When fine-tuning on action recognition, we initialize 3D-AlexNet with pretrained conv1-pool3 and random initialized fc1-fc3 followed by softmax function. We fine-tune the 3D-AlexNet on UCF101 train set of split1 and set the initial learning rate to 0.001 on fc6-fc8 and 0.0001 on conv1-pool6, and batchsize to 64.

During final evaluation, we sample all non-overlapping clips from UCF101 test set of split1 as input and compute accuracy for each clip (clip-accuracy) from the maximum conditional probabilistic estimate. Also, to compute accuracy for each video (video-accuracy), we calculate arithmetic mean of the output from all clips in the video, as conditional probabilistic.

Table 1. Network architecture: In our experiments, \(C=101\) and \(N=6\).

4 Results and Discussion

The results are reported in Table 2, where “Scratch” means training 3D-AlexNet on UCF101 without any pretraining and “Inflated” represents inflating from 2D version pretrained on ImageNet as a guide.

Table 2. Results.

First, focusing on accuracy of pretext tasks, RP and SS setting are performed in high accuracy and seem to be solved almost perfectly. From this observation, it is expected that these settings is too easy for 3DCNN to capture efficient motion feature. On the other hand, PB is performed in near chance rate (\(1/6 \approx 16.67\%\)), and this implies that it is too difficult because of abovementioned ambiguity.

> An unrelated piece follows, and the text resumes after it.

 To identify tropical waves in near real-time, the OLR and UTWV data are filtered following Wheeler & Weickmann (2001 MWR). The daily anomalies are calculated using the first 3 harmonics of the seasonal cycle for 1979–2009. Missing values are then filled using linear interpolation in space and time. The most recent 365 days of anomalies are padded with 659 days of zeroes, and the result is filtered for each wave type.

In spite of this expectation, as we can see in results of fine-tuning, pretraining on RP and SS improves performance of action recognition compared with Scratch, even though still can not compete against Inflated. This improvement implies that low-level and easily available temporal feature can contributes to better optimization of 3DCNN, and conversely this also means it is possible that ordinary training strategy of action recognition misses this feature. Meanwhile, we can not observe improvement by PB. The cause of this is considered to be the fact that 3DCNN can not detect wrong clips. We confirm that certain performance on pretext task is a necessary condition for improvement on target task. Throughout the whole, our strategies still can not compete against Inflated.

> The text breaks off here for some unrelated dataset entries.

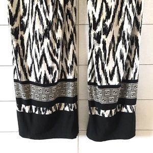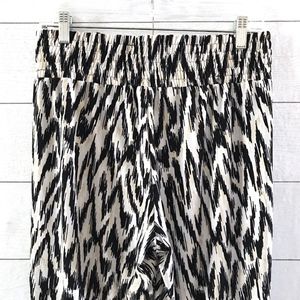 Cache Wide Leg Pants Womens Size 6 Black White Metallic Print Stretch Trousers. Excellent condition. Elastic waistband.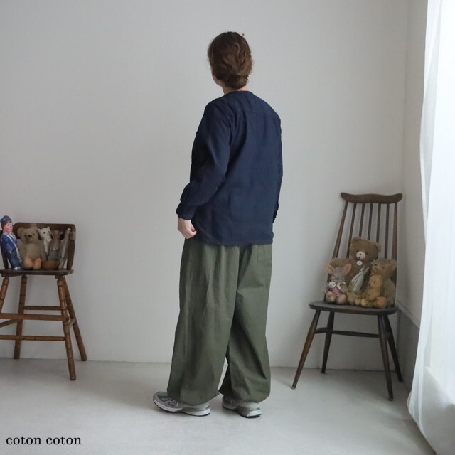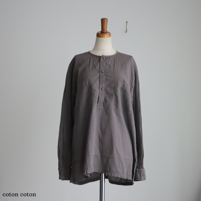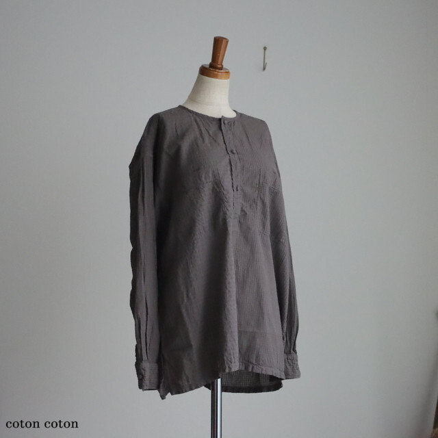 左右の身頃でチェック柄の大小を切り替えた、遊び心のあるプルオーバーシャツです。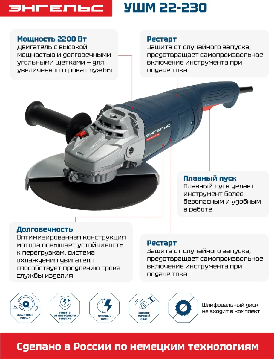 Углошлифовальная машина Энгельс УШМ 22-230 2200Вт 6600об/мин рез.шпин.:M14 d=230мм (0.701.030.021) (0.701.030.021)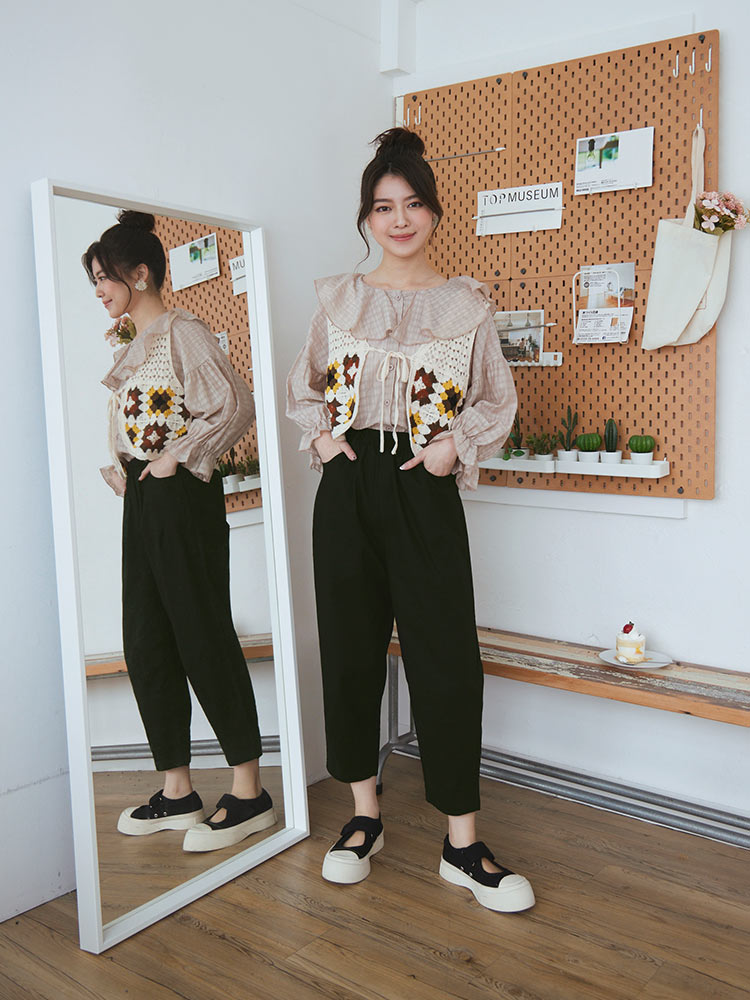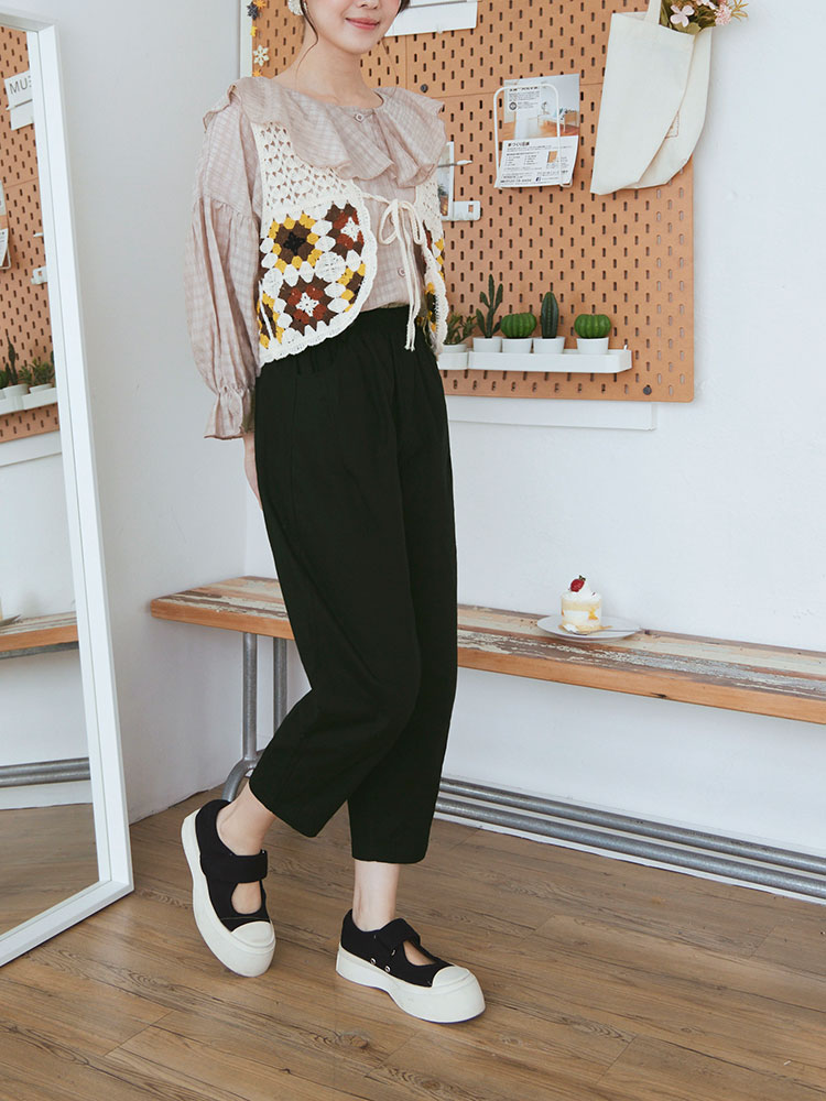 Product Feature: โ Crafted from soft, pure cotton for ultimate comfort. โ Featuring a button-detail design with functional pockets. โ Designed with a relaxed fit to flatter your figure. โ Elasticated waist for a comfortable, secure fit. โ Cropped length and tailored seams create a leg-lengthening effect.

5 Conclusion and Future Works

In this study, we evaluate the effectiveness of self-supervised representation learning methods using temporal-sequence for 3DCNN. From results of experiments, we obtain the knowledge that low-level and easily available temporal feature from RP and SS improves optimization for 3DCNN and too difficult task to solve can not contribute to improvement.

We discuss the future research below:

Analyzing effect of motion feature: Although we show the effectiveness of SSL on 3DCNN in the form of improvement on accuracy, we should also explore how captured motion feature affects 3DCNN and action recognition on other experiments such as Huang et al.’s [5].

Removing ambiguity of PB: Despite intuition that PB setting can give semantic information to 3DCNN, this setting did not make an improvement. However, removing ambiguity of this task may lead to better result. For example, limiting dataset, action class or spatial region to ones including more intense motions.

Training on more large-scale DB: Since we set self-supervised manner, we can assume getting the benefit of more large-scale data without manual annotation. In previous work [4], training on immense number of video is significantly effective for 3DCNN. This is worth trying on SSL for novel knowledge of motion feature.

Fusing benefits of two features: Although we focus on motion feature, appearance feature obtained by Inflation is also strong. While we consider temporal SSL and Inflation separately now, there may be an effective method to fuse benefits of both initialization strategies.